Fig. 1 is a side view of one embodiment of the present invention, Fig. 2 is a sectional view mainly showing the vacuum guide wheel, Fig. 3 is a schematic diagram showing the power drive system, and Figs. 4A to 4D are according to the present invention. FIG. 3 is an explanatory diagram showing the operation of the device. 1...Rail, 2, 2a, 2b, 2c, 60,
61, 61a...detector, 4...first vacuum guide ring,
5...Idle wheel, 6...Second vacuum guide wheel, 8, 8',
9, 50... Sprocket, 10, 10a, 1
9, 19a... Solenoid valve, 11, 42... Inner vacuum arcuate groove, 12, 54... Fixed valve plate, 13, 14, 15, 16, 37, 38, 3
9, 40... Vacuum suction port, 17, 36... Outer vacuum arcuate groove, 18, 45a, 48... Driven gear, 20... Spring, 24, 44, 45... Shaft, 31, 32... Roller , 33...guidance passage,
34... Delivery belt, 35... Cradle, 41... Microprocessor (or other computer controlled device), 43... Bearing assembly, 46, 52... Gear, 47, 51... Timing belt, 50a …
...Idling sprocket, 53...Pin, 55...Signal generator, 58, 59...Counter, a, b, c...
...Document, _P1 , _P2 ...Push member, C, _C1 ...Chain, D...Cable.

Claims (1)

[Scope of Claims] 1. A device that selects individual documents with labels from a series of documents that are continuously arranged along a rail 1 and constantly transported, the device detecting the labels. It has a detector 2 located downstream of the detector in the conveying direction, the circumferential speed of which is synchronized with the conveying speed of the document, and a fixed valve plate 12 inside thereof.
The fixed valve plate 12 is provided with an arcuate vacuum groove 17 having an arc angle within a certain range, and the vacuum guide ring 4 has a vacuum suction port 13 on its outer peripheral surface. , 15 are open, and the vacuum suction ports 13, 15 communicate with the arcuate groove 17 only while moving within a certain range of the arcuate angle formed by the arcuate vacuum groove 17, during which time the vacuum suction ports 13, 15 are not detected.

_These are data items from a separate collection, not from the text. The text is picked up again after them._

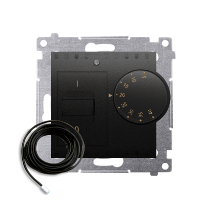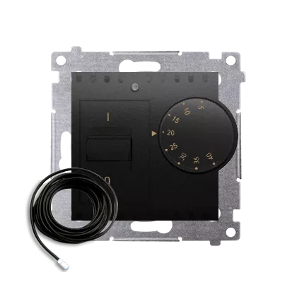 Simon 54 WMDR-01xxxx-049 Regulator temperatury z czujnikiem zewnętrznym (moduł) 16(2) A, 230V~. W komplecie czujnik zewnętrzny (sonda). Montaż na wkręty; czarny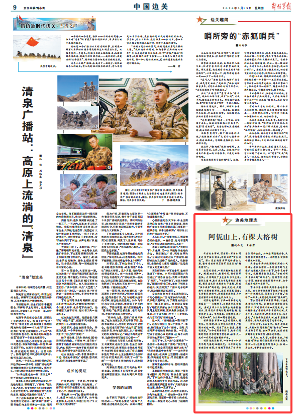 新兵张佳乐第一次上哨便被大树吸引。想家时,班长带他来到树下:“我刚来时也一样。想家了就来坐坐,跟树说说话。”如今哨所条件好了,战士们闲暇时仍喜欢在树荫下打电话,让家人一起听一听风吹过树梢的声音。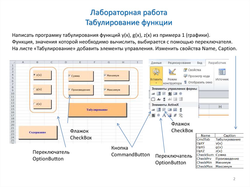 На листе «Табулирование» добавить элементы управления. Изменить свойства Name, Caption.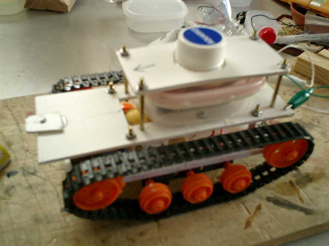 ●タミヤの楽しい工作シリーズの "タンク工作基本セット" を使用して、キャタピラ車を作る事にしました。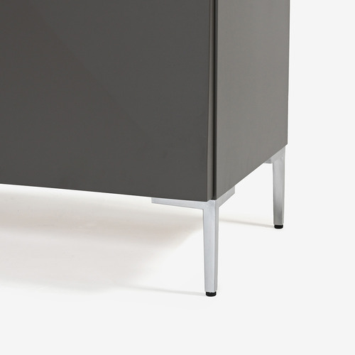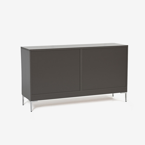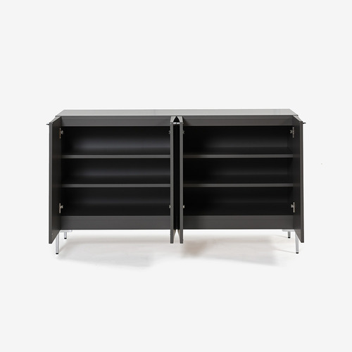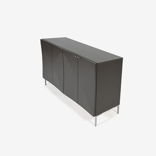 立体加工による「X(エックス)」のラインの陰影と金属パーツがモダンでグラフィカルな印象のサイドボード。表面はウレタンエナメル塗装によるマットな仕上げです。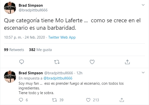 "Qué categoría tiene Mon Laferte … Cómo se crece en el escenario es una barbaridad", escribió en un tuit. Luego en otro agregó: "Soy muy fan … Eso es prender fuego al escenario, con todos los ingredientes. Tiene todo y le sobra".
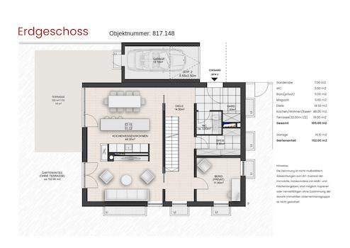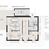 Das Herzstück des Hauses bildet der großzügige Wohn- und Essbereich mit Platz für eine offene Küche und frei stehendem Küchenblock. Große Fensterfronten mit Schiebetüren führen auf die sonnige Terrasse mit Süd-West-Ausrichtung - Ein Ort, an dem sich Alltag und Erholung vereinen.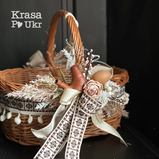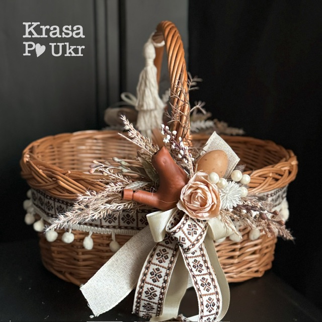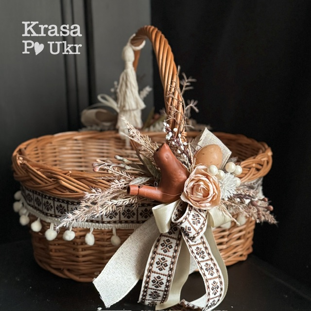Такий кошик стане ідеальним вибором для освячення у Великдень. Він поєднує натуральні матеріали, ручну роботу та елементи української символіки, тож чудово підійде і як подарунок близьким.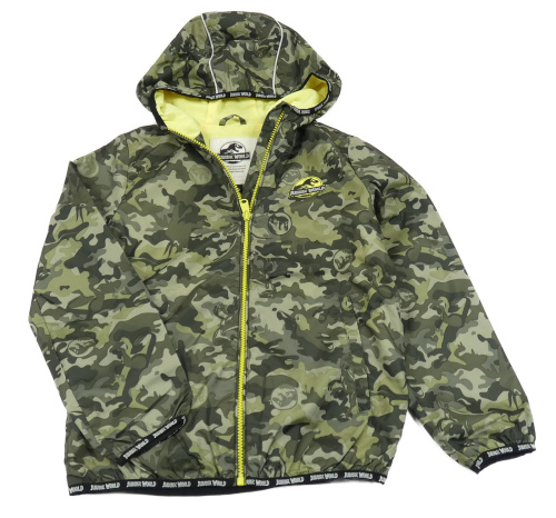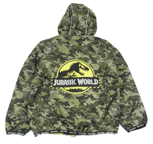 Khaki army šušťáková jarná bunda s dinem a kapucí - Jurský svět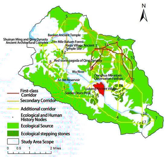 This paper selects objects different from the previous watersheds, urban centers and other large-scale hierarchies and studies the Liukeng cultural eco-tourism area from the mesoscale hierarchy, exploring how to protect the harmonious symbiotic relationship between rural humanities, history, and ecological environment in the context of increasing expansion of human activities in the spatial pattern. Based on the more mature MSPA and MCR models, we compare and analyze the landscape granularity suitable for mesoscale, construct a mesoscale landscape corridor network structure evaluation system in combination with the current situation of the case, and optimize the landscape corridor network using humanistic landscape corridors, restoration of ecological breaks, and addition of ecological steppingstones. The scientific identification of ecological sources, construction of multi-functional landscape corridors, strengthening of ecological and humanistic nodes, and formation of a reasonable network of multi-functional landscape corridors in the countryside. This way is expected to improve the overall ecological efficiency of the countryside, drive the development of regional tourism, protect the native culture, maintain the stability and sustainable development of the rural areas, and provide methodological references for the work related to rural ecological planning.

A valve 19 controlled by the device 2 temporarily connects the arcuate vacuum slot 17 as a vacuum source to suck and pick up individual marked documents from the rail through the vacuum suction ports 13, 15; With facilities 31 to 35 for disposal of marked and separated individual documents, the fixed valve plate 12 of the vacuum guide ring 4 is provided with two concentric arcuate vacuum slots 11, 17, each arcuate The vacuum slots 11, 17 can be connected to a vacuum source via separately controlled valves 19, 19a, and the vacuum guide ring 4 has four vacuum suction ports 13, 1.
5; 14 and 16, which are arranged in pairs at equal intervals in the circumferential direction of the guide ring and at mutually opposite positions in the diametrical direction, so that the vacuum guide ring 4 rotates. While the vacuum suction ports 13, 15; 14, 1
6 consecutively alternate each arcuate vacuum slot 1
1 and 17 along the circumferential direction thereof, and further has the same structure as the first vacuum guide ring 4,
In addition, the second vacuum guide ring 6 which maintains circumferential surface contact with the first vacuum guide ring 4 is connected to the first vacuum guide ring 4.

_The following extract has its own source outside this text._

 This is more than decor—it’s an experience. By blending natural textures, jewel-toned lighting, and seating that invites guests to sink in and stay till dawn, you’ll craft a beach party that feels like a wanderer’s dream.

Similar to the first vacuum guide ring 4, this second vacuum guide ring 6 has four vacuum suction ports 37 to 40 and two concentric arcuate vacuum grooves. 36, 42, each arcuate vacuum slot 36, 42 being separately controlled valve 1.

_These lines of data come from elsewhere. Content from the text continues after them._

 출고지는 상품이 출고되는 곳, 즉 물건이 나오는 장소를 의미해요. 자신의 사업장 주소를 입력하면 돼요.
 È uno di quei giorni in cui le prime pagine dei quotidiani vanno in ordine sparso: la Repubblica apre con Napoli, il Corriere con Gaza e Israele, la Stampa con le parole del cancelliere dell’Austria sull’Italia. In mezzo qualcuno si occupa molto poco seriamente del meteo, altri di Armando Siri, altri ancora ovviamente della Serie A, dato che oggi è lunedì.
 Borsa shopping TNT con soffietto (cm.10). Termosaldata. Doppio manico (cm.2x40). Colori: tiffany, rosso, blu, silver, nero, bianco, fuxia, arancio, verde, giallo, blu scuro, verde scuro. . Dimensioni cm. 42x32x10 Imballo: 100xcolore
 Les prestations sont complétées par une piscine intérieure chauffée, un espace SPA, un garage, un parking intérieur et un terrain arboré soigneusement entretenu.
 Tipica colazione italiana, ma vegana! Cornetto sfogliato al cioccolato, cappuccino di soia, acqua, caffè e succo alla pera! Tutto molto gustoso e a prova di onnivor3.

0 and 10a, and the circumferential speed of the second vacuum guide ring 6 is the same as that of the first vacuum guide ring 4.
A document processing device characterized in that it is synchronized with. 2 Two vacuum suction ports 38, 38 are arranged in the axial direction of the circumferential surface and are spaced apart from each other by a certain distance.
a, and each vacuum suction port has a second vacuum guide ring 6 which is offset in the axial direction from the vacuum suction ports 13 to 16 of the first vacuum guide ring 4. Item 1. The document processing device according to item 1.